2) Control of patient, contacts and the immediate environment:
a) Report to local health authority: Obligatory case report in most countries, Class 2. Early reporting (within 24 hours) provides opportunity for better outbreak control.
b) Isolation: Impractical in the community at large; if practicable, children with measles should be kept out of school for 4 days after appearance of the rash. In hospitals, respiratory isolation from onset of catarrhal stage of the prodromal period up to and including the fourth day of rash reduces the exposure of other patients at high risk.
c) Concurrent disinfection: Not applicable.
d) Quarantine: Usually impractical.
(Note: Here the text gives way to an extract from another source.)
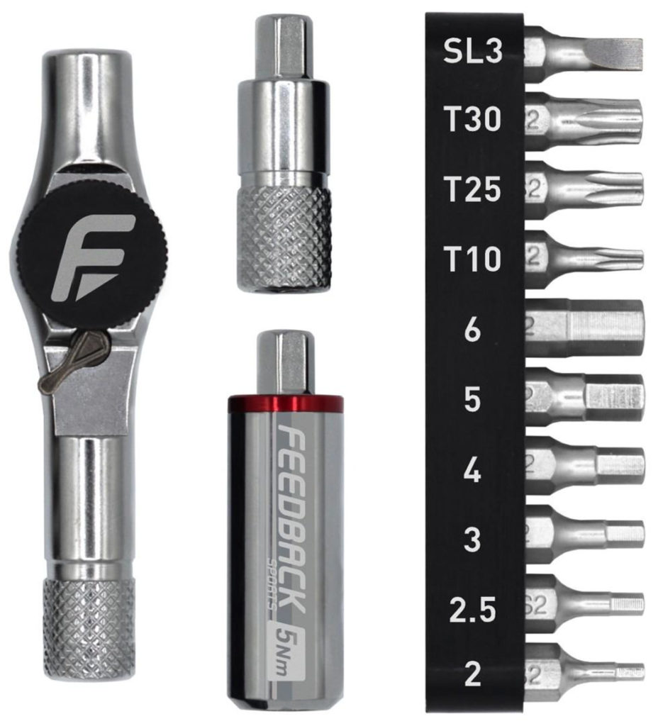 Feedback Sports clôt cette ronde des nouveautés par une petite clé à cliquets, bien pratique et facile à emporter dans n’importe quels poche de maillot, sac ou banane VTT. En plus du ratchet, ce kit comprend 10 embouts, une douille de rallonge de 25 mm et une douille de rallonge à cliquet de 5 Nm. Commercialisé au tarif de 85€, ce kit est attendu pour la mi-mai.

Quarantine of institutions, wards or dormitories can sometimes be of value; strict segregation of infants if measles occurs in an institution.
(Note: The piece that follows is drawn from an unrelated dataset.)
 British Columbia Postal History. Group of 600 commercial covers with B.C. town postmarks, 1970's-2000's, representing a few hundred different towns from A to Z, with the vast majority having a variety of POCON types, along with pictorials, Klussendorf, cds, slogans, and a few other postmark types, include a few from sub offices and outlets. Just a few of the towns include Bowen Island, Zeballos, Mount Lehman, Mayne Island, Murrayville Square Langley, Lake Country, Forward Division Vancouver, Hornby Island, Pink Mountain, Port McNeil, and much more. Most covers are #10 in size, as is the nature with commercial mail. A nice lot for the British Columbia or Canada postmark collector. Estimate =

e) Immunization of contacts: Live virus vaccine should be administered within 72 hours of exposure. Alternatively, IG may be given (0.25 ml/kg or 0.11 ml/lb; for immunocompromised persons, 0.5 ml/kg or 0.22ml/lb up to a maximum of 15 ml within 72 hours of exposure, for maximal protection). IG should be used within 6 days of exposure for susceptible household or other contacts with high risk of complications (contacts under 1 year of age, pregnant women or immunocompromised persons), or where measles vaccine is contraindicated. Live measles vaccine should be given 5–6 months later to those for whom vaccine is not contraindicated.
f) Investigation of contacts and source of infection: Search and immunize exposed susceptible contacts to limit the spread of disease. Healthy carrier state does not occur.
g) Specific treatment: None. During measles infection, vitamin A reserves fall rapidly (especially in malnourished children), which further weakens immunity. Vitamin A supplementation at the time of measles diagnosis replaces body reserves, prevents blindness due to corneal ulceration and keratomalacia, and significantly reduces measles fatality. The following Vitamin A schedule is recommended:
A third dose of vitamin A should be given 2–4 weeks later if there are signs of vitamin A deficiency on diagnosis (night blindness, Bitot spots, conjunctival or corneal dryness, corneal clouding or ulceration).
3) Epidemic measures:
a) Prompt reporting (within 24 hours) of suspected cases, and comprehensive immunization programs for all susceptibles, are needed to limit spread. In day care, school and college outbreaks, all persons without documentation of 2 doses of live virus vaccine at least 1 month apart on or after the first birthday should be immunized unless they have documentation of prior physician-diagnosed measles, or laboratory evidence of immunity.
b) In institutional outbreaks, new admissions should receive vaccine or IG.
c) In many developing countries, measles has a relatively high case-fatality rate. If vaccine is available, prompt use at the beginning of an epidemic is essential to limit spread; if vaccine supply is limited, priority should be given to young children for whom the risk is greatest.
4) Disaster implications:
Introduction of measles into refugee populations with a high proportion of susceptibles can result in devastating epidemics with high fatality rates. Providing measles vaccine to displaced persons living in camp settings within a week of entry is a public health priority.
5) International measures:
Persons traveling to measles-endemic areas should ensure that they are immune to measles.